Playwright: James Sherman
At: Victory Gardens
Biograph Theater, 2433 N. Lincoln
Phone: 773-871-3000; $20-$45
Runs through: July 13
BY SCOTT C. MORGAN
James Sherman's world-premiere comedy Relatively Close has a thoroughly manufactured quality of a TV sitcom mixed with a Neil Simon play. If that's your thing, by all means go to the Victory Gardens Biograph Theatre and laugh your head off.
But Sherman's cadre of quirky characters for Relatively Close feels like mixed-and-matched oddball patches deliberately sewn together to clash. Instead of letting the comedy develop organically or pushing it be a breakneck farce to match John C. Stark's handsome two-tier multiple bedroom set, Sherman's formulaic construction feels like a set-up.
That sitcom impression also extends to an Act II moment when two disparate characters bond over the realization that they don't have to live up to labels and stereotypes applied to them ( cue audience to go: 'Awwww' ) . The hurriedly pat solution to the show's major conflict also feels like a sitcom neatly wrapping up its issue/conflict of the week.

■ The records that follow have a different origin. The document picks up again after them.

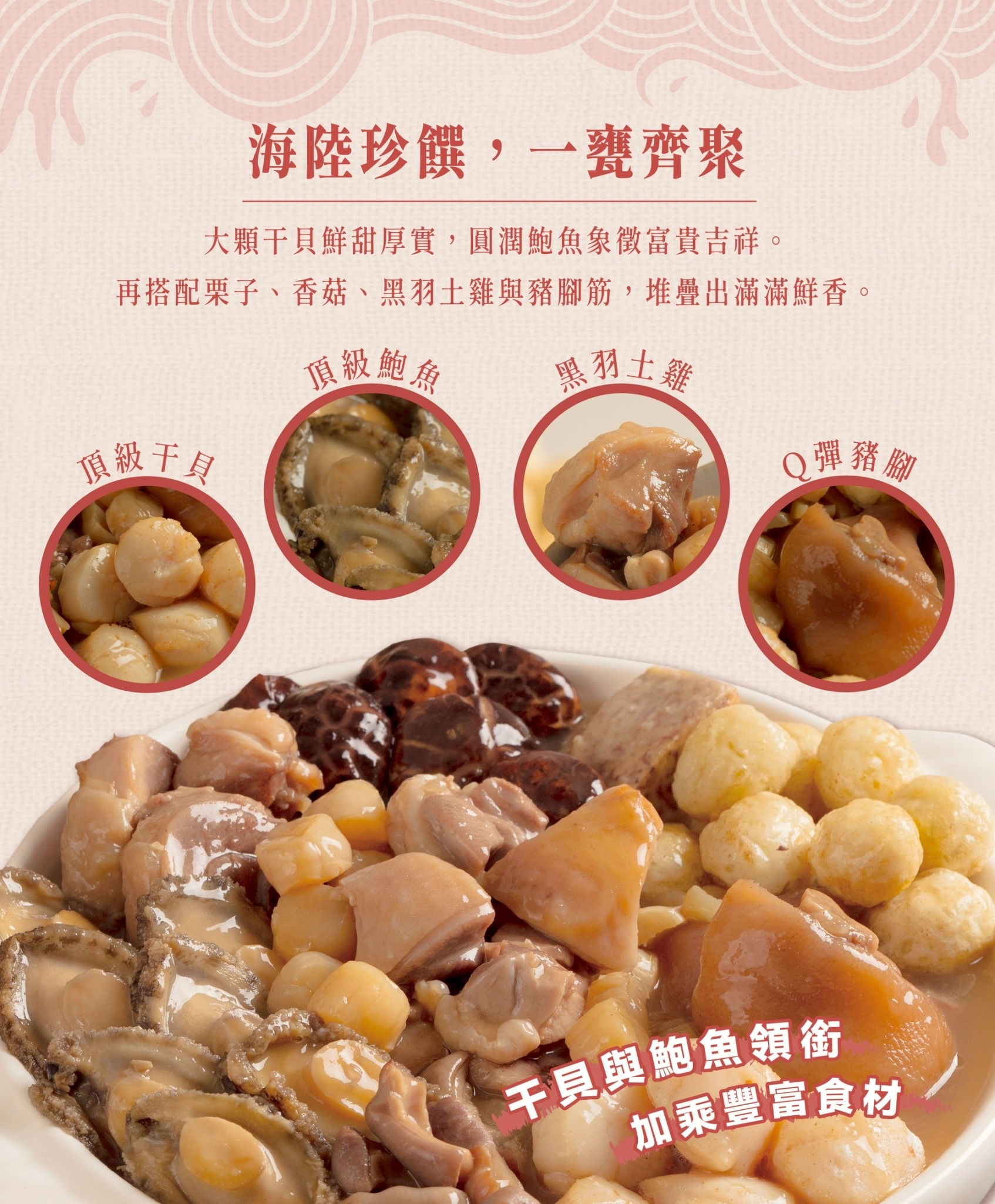 大顆干貝鮮甜厚實,圓潤鮑魚象徵富貴吉祥。再搭配栗子、香菇、黑羽土雞與豬腳筋,堆疊出滿滿鮮香。
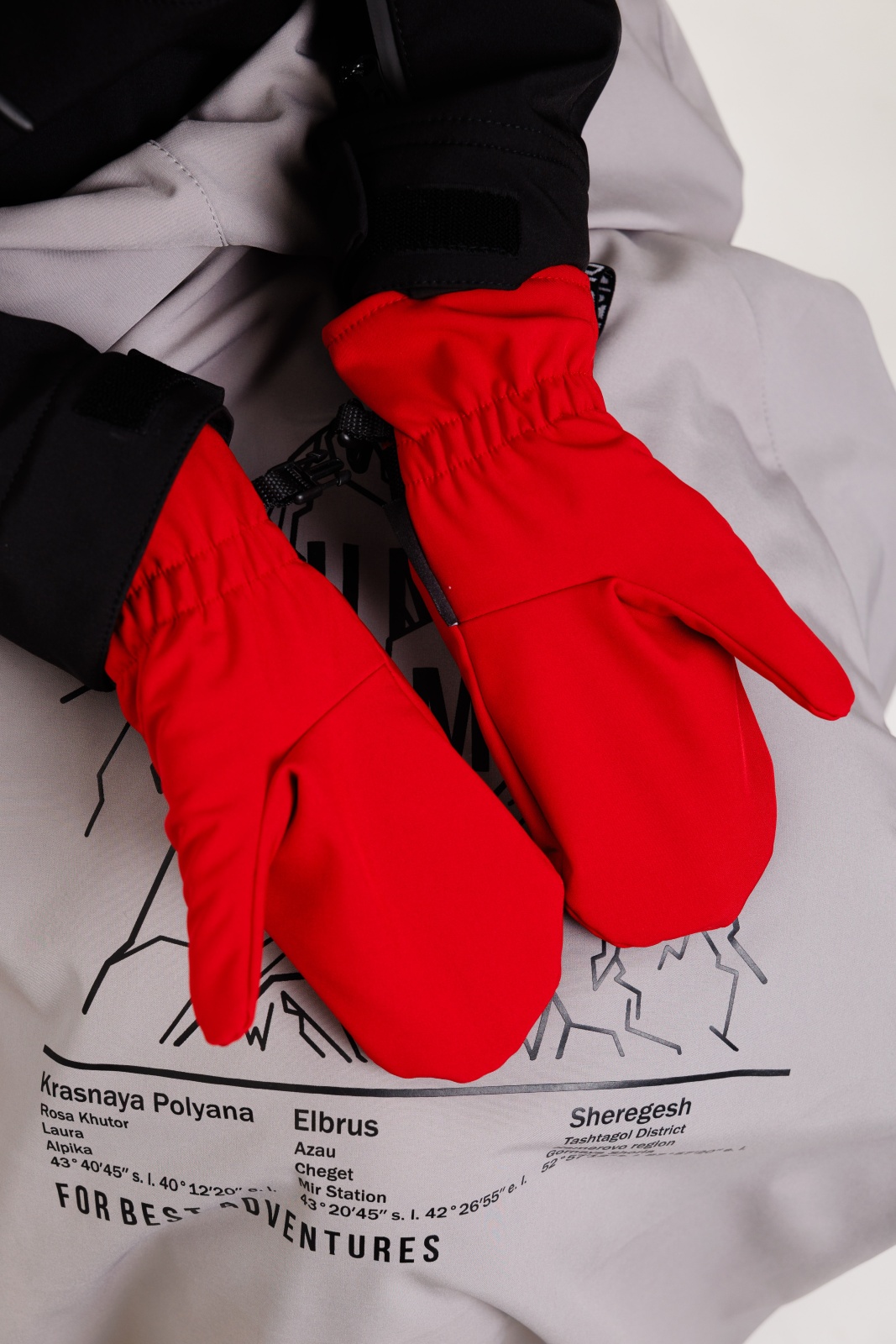 - Резинка и стропа на запястье: препятствуют попаданию снега внутрь варежек, обеспечивая дополнительную защиту.
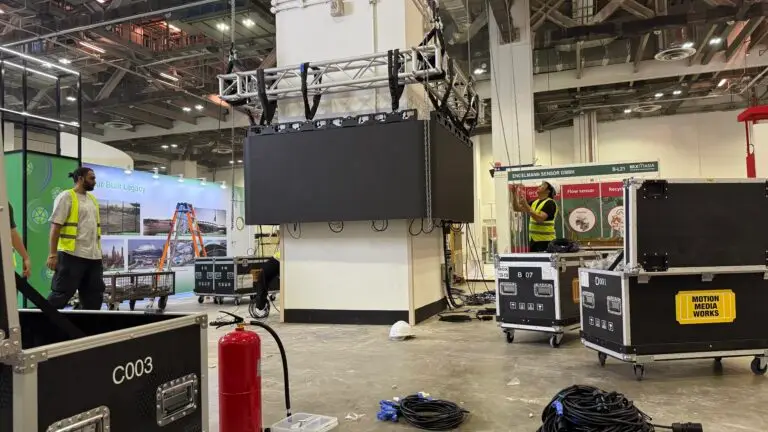 Rigged and Suspended LED wall for Tradeshows

Relatively Close pits three grown Jewish sisters and their diverse spouses against each other as they vacation in the family's disputed Michigan beach house. Since the house wasn't bequeathed to a particular sister, they spar about what's to become of it.
The eldest, Jan ( Penny Slusher ) , is a perky Republican aldermanic candidate for Chicago's 43rd Ward who is married to wealthy Iranian-American businessman Yousef ( Usman Ally ) . She wants to sell the house for a multi-million dollar profit and she'll use her surface niceness to ruthlessly get her way.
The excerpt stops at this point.